Hungarian Beef Paprikash

Hungarian Beef Paprikash

Hungarian Beef Paprikash
 
Ingredients
1 1/2 lb boneless beef roast, cut into 1-inch cubes or stewing beef cubes
Salt and freshly ground pepper
1 Tablespoon vegetable oil, plus more, as needed
1 cup onion, diced
1/2 red bell pepper, diced, (optional)
Pinch salt
1/4 cup red wine, to deglaze pan
2 – 3 Tablespoon sweet Hungarian paprika, to taste
1 teaspoon caraway seeds, (optional) crushed with a mortal and pestle
1/2 teaspoon dried marjoram, or 1/4 teaspoon oregano
1/2 teaspoon dried thyme leaves
Pinch cayenne pepper, or hot paprika (optional)
3 cups beef broth, low-sodium, recommended
3 Tablespoons tomato paste
2  cloves garlic, crushed
1/2 teaspoon brown sugar, (optional)
1 bay leaf
To finish:
Salt and freshly ground pepper, to taste
1/4 – 1/3 cup sour cream, at room temperature
 
Instructions
  • Cut beef into 1-inch cubes and season with salt and pepper. Heat oil in a Dutch oven or large, heavy skillet (with a lid) over medium-high heat. Add the beef cubes in 2-3 batches, without over-crowding the pan, and cook until browned on all sides. Remove beef to a bowl. Add a bit more oil between batches and brown remaining beef.

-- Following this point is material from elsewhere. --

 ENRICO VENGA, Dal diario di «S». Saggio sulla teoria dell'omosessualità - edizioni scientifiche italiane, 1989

  • Reduce pan heat to medium. Add a bit more oil to the pan, if needed, then add the onion. Cook, stirring, until the onion is softened and starting to colour a bit. Add the wine (or an equal amount of water) and allow to cook until the wine has mostly disappeared, about 2 minutes.

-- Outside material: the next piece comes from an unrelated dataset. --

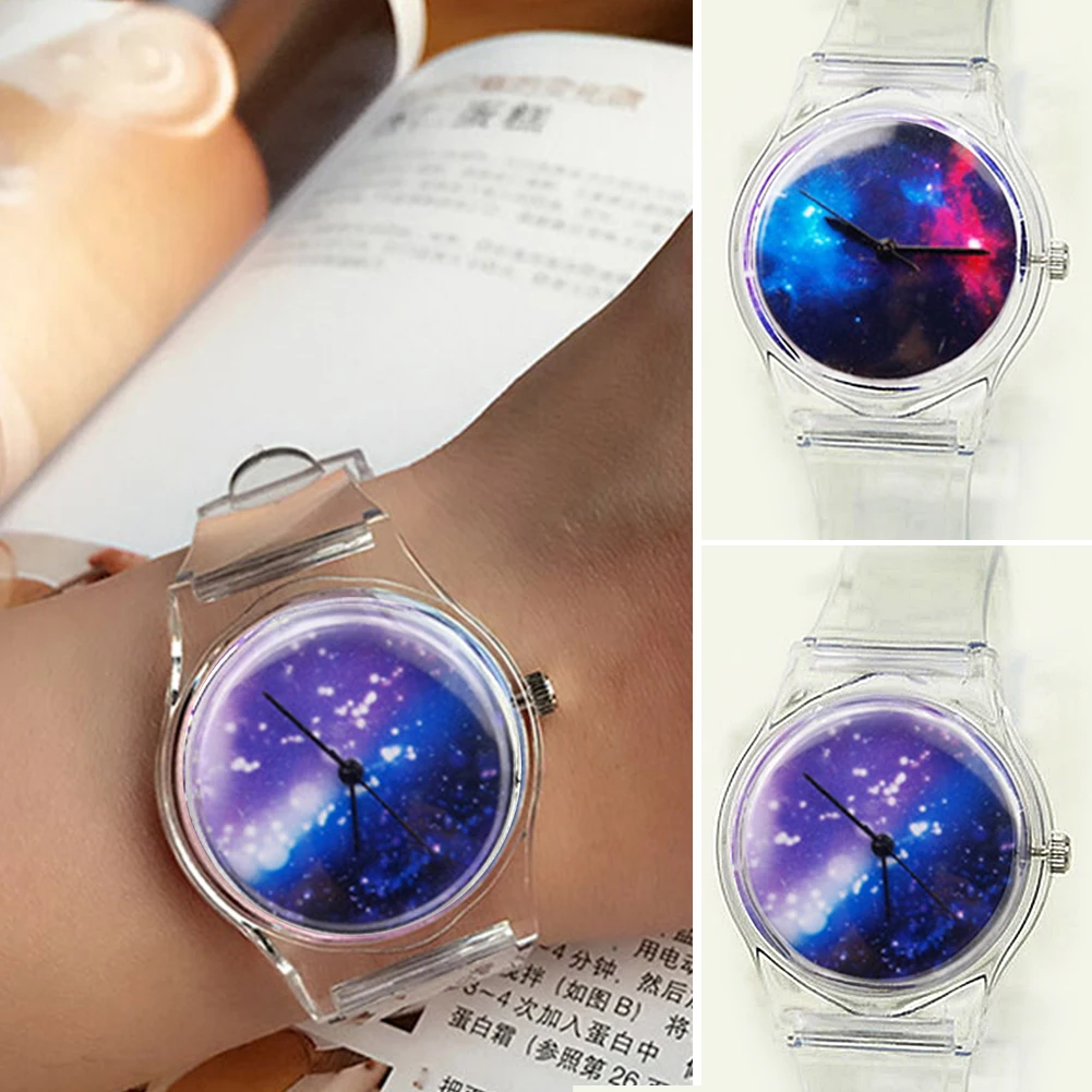 Высококачественные Кристальные часы с мультяшным рисунком, Новые прозрачные силиконовые классические электронные часы с ремешком для студенток, женские наручные часы

  • Return the beef to the pan, then add the spices, beef broth, tomato paste, garlic and brown sugar. Stir to combine. Bring to a boil. Add a bay leaf to the pot, reduce heat to medium-low, cover the pot with a lid and allow to simmer for 45 minutes.
  • After 45 minutes, remove the lid, stir, then continue simmering for an additional 45-60 minutes, stirring occasionally, until the sauce has thickened and the beef is tender. Watch closely at the end of cooking (as the sauce thickens), so it doesn't reduce too much and scorch. Add a bit of water, if necessary.
  • Remove and discard the bay leaf. Taste sauce and add additional salt and pepper, as needed. Finally, stir in the sour cream and heat just until warmed. Try not to boil the mixture after you have added the sour cream.
  • Serve warm over egg noodles or mashed potatoes. Store left-overs in the fridge up to 3 days or freeze up to 3 months.